> [INSTRUCTIONS TO FOLLOW]:
Drop the images, then output the listing exactly.

___ PROVIDED MATERIAL ___

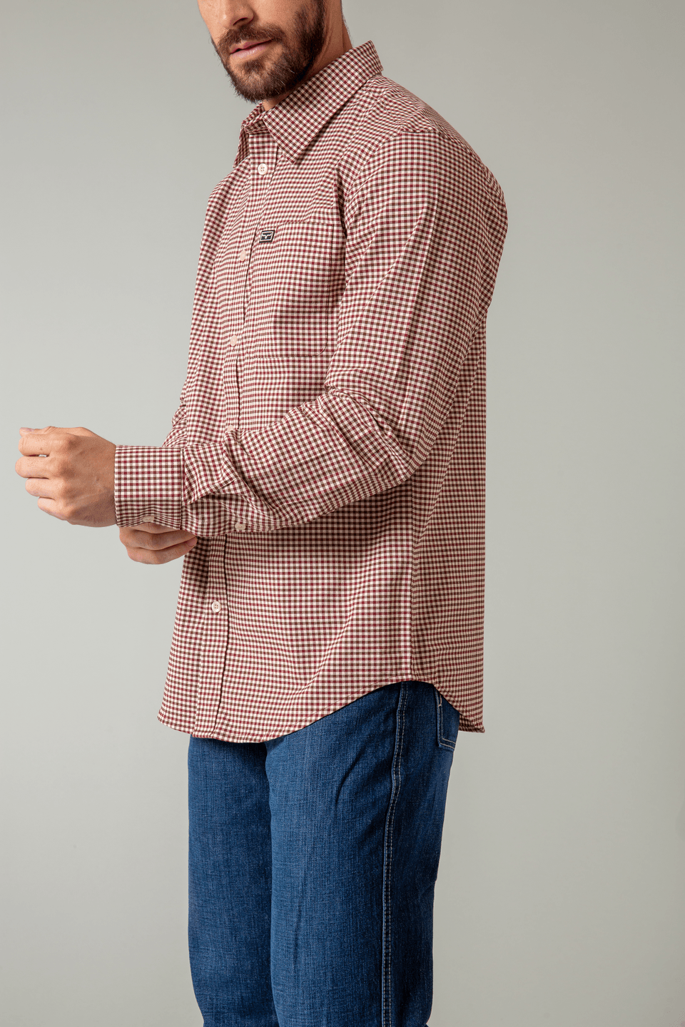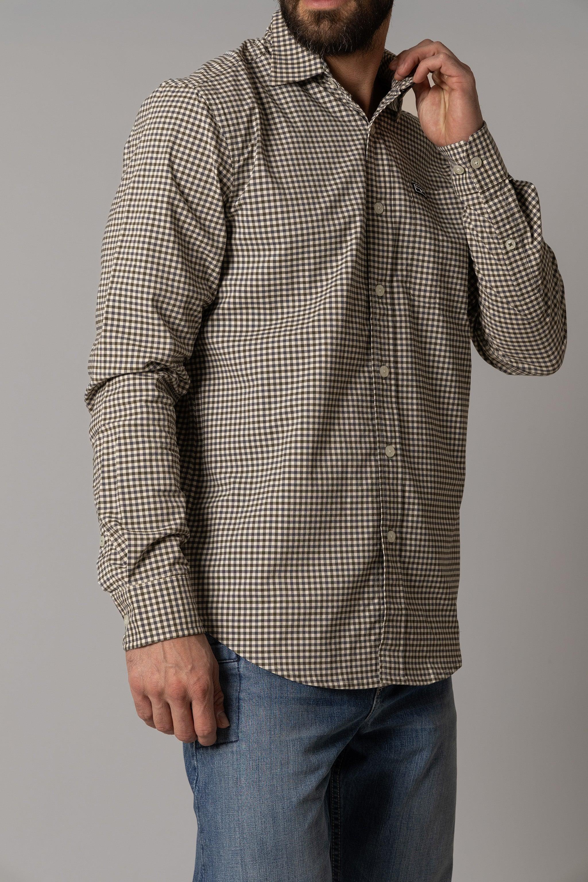 DetailsMen’s Long Sleeve Woven Mini-Check Shirt in Technical Coolmax Fabric. Single Pocket. and Tech Patch on Pocket.
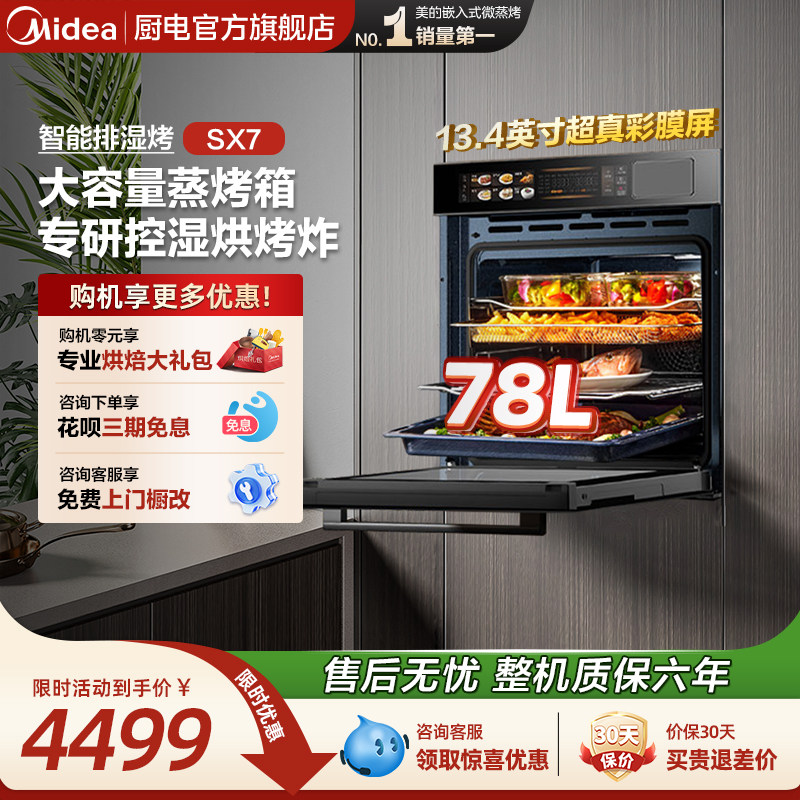 美的SX7嵌入式蒸烤箱一体机78L大容量家用烤箱智能控湿电蒸箱
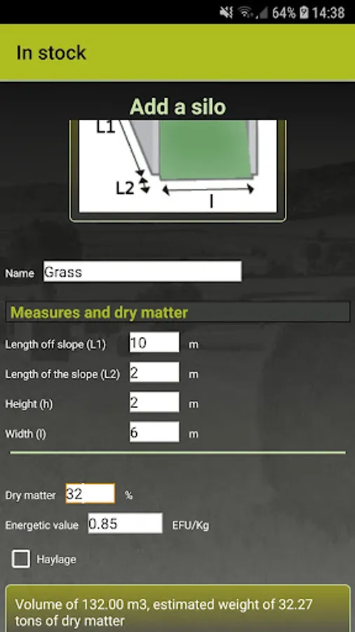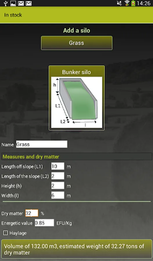 For bale fodder, by selecting the diameter, the application can determine the DM weight of a bale, concerning the silage it simplifies the calculation of the weight of a silo (storage or bunker): just enter the dimensions silo and dry matter percentage to obtain DM tonnage.

___

> [REPLY TO THE TASK]:
 DetailsMen’s Long Sleeve Woven Mini-Check Shirt in Technical Coolmax Fabric. Single Pocket. and Tech Patch on Pocket.
 美的SX7嵌入式蒸烤箱一体机78L大容量家用烤箱智能控湿电蒸箱
 For bale fodder, by selecting the diameter, the application can determine the DM weight of a bale, concerning the silage it simplifies the calculation of the weight of a silo (storage or bunker): just enter the dimensions silo and dry matter percentage to obtain DM tonnage.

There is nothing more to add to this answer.